-
-
Notifications
You must be signed in to change notification settings - Fork 2.4k
Description
Tesseract.js version
tesseract.js v7.0.0 (latest npm release at time of writing)
Describe the bug
When using tesseract.js v7 in a long-running Node.js backend, calling worker.recognize() on image buffers causes continuous native memory growth (RSS / external / arrayBuffers), eventually exhausting system memory and swap.
This happens even though:
-
A single worker is created once and reused
-
OCR is not continuous: it is only used until a timestamp is successfully extracted, then not used for ~15 minutes, and only invoked again to refresh the offset
-
The JavaScript heap remains stable
-
The worker is not recreated
-
OCR is skipped entirely most of the time once a valid timestamp offset is cached
Disabling tesseract.js completely eliminates the memory growth, which strongly suggests a native / WASM memory leak or unreleased buffers inside tesseract.js or its dependencies.
To Reproduce
-
Create a Node.js application
-
Create a single Tesseract worker once at startup
-
Repeatedly call worker.recognize() on image buffers for a short period
-
Stop calling OCR for several minutes
-
Observe that memory does not return to baseline
-
Resume OCR later and observe further memory growth
-
Monitor process RSS / external memory over time
Simplified reproduction pattern:
import sharp from 'sharp';
const worker = await createWorker('eng');
await worker.setParameters({
tessedit_char_whitelist: '0123456789:/- ',
});
async function runOcr(frame: Buffer) {
const buffer = await sharp(frame)
.extract({ left: 0, top: 0, width: 300, height: 80 })
.grayscale()
.normalize()
.threshold(180)
.toBuffer();
await worker.recognize(buffer);
}
// OCR is called until timestamp is extracted,
// then skipped for ~15 minutes, then called again
Memory monitoring used to confirm the issue:
const usage = process.memoryUsage();
console.log(
`Memory Usage: RSS=${(usage.rss / 1024 / 1024).toFixed(2)}MB, ` +
`HeapUsed=${(usage.heapUsed / 1024 / 1024).toFixed(2)}MB, ` +
`arrayBuffersUsed=${(usage.arrayBuffers / 1024 / 1024).toFixed(2)}MB, ` +
`externalUsed=${(usage.external / 1024 / 1024).toFixed(2)}MB`,
);
}, 60000);
Observed behavior:
-
heapUsed stays relatively flat
-
RSS, external, and arrayBuffers grow steadily
-
Memory is not reclaimed during long periods where OCR is not used
-
No specific image is required; the issue reproduces with small cropped grayscale buffers from camera frames.
Expected behavior
- Native memory usage should stabilize after repeated recognize() calls
Memory should not grow when the worker is idle for long periods
Reusing a single worker intermittently should not cause unbounded RSS growth
Memory should be reused internally or released back to the OS
Device Version
OS: Debian 12 (Bookworm)
Node.js: Node v22.20.0
Additional context
-
This runs in a long-lived backend service (NestJS)
-
OCR is used only to extract a timestamp overlay from camera frames
-
Once the timestamp offset is successfully extracted, OCR is disabled and the cached offset is reused
-
Despite long idle periods, memory is not released
-
Over time this leads to system swap exhaustion
-
The worker is created once and only terminated on application shutdown
-
Concurrency / usage pattern note
In the real application, OCR is not awaited in the video frame pipeline in order to avoid blocking frame processing.

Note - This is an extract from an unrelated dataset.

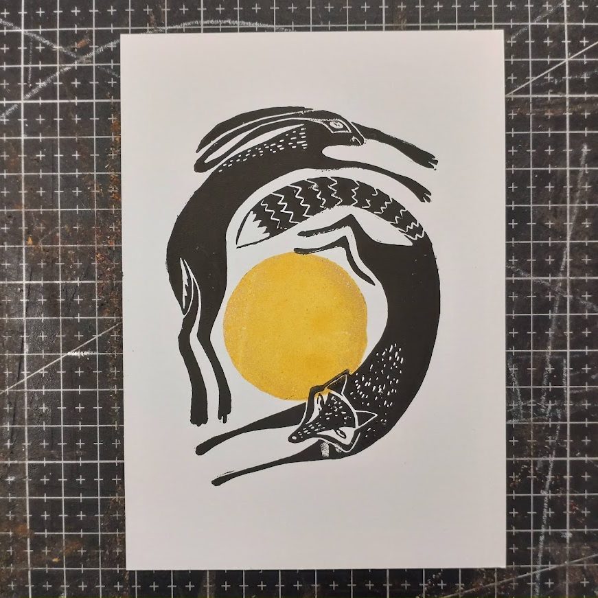 Cartes postales artisanales en linogravure // Motifs répétitifs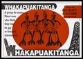 Four decorative Maori figures within a red oval representing an advertisement for Whakapuakitanga, a support group for young gay or bisexual Māori men; advertisement by the NZ AIDS Foundation and Te Roopu Tautoko Trust. Colour lithograph by Paul Henckel [?], 1993.

Instead, OCR runs asynchronously to update a shared timestamp offset stored in application state. The frame pipeline always reads the latest known offset (initially set to the local machine time) and continues processing frames without waiting for OCR to complete.Even with this non-blocking usage pattern and very low OCR frequency, native memory continues to grow after worker.recognize() calls and is not released during long idle periods.
This makes it difficult to safely use tesseract.js in continuous or long-running server environments.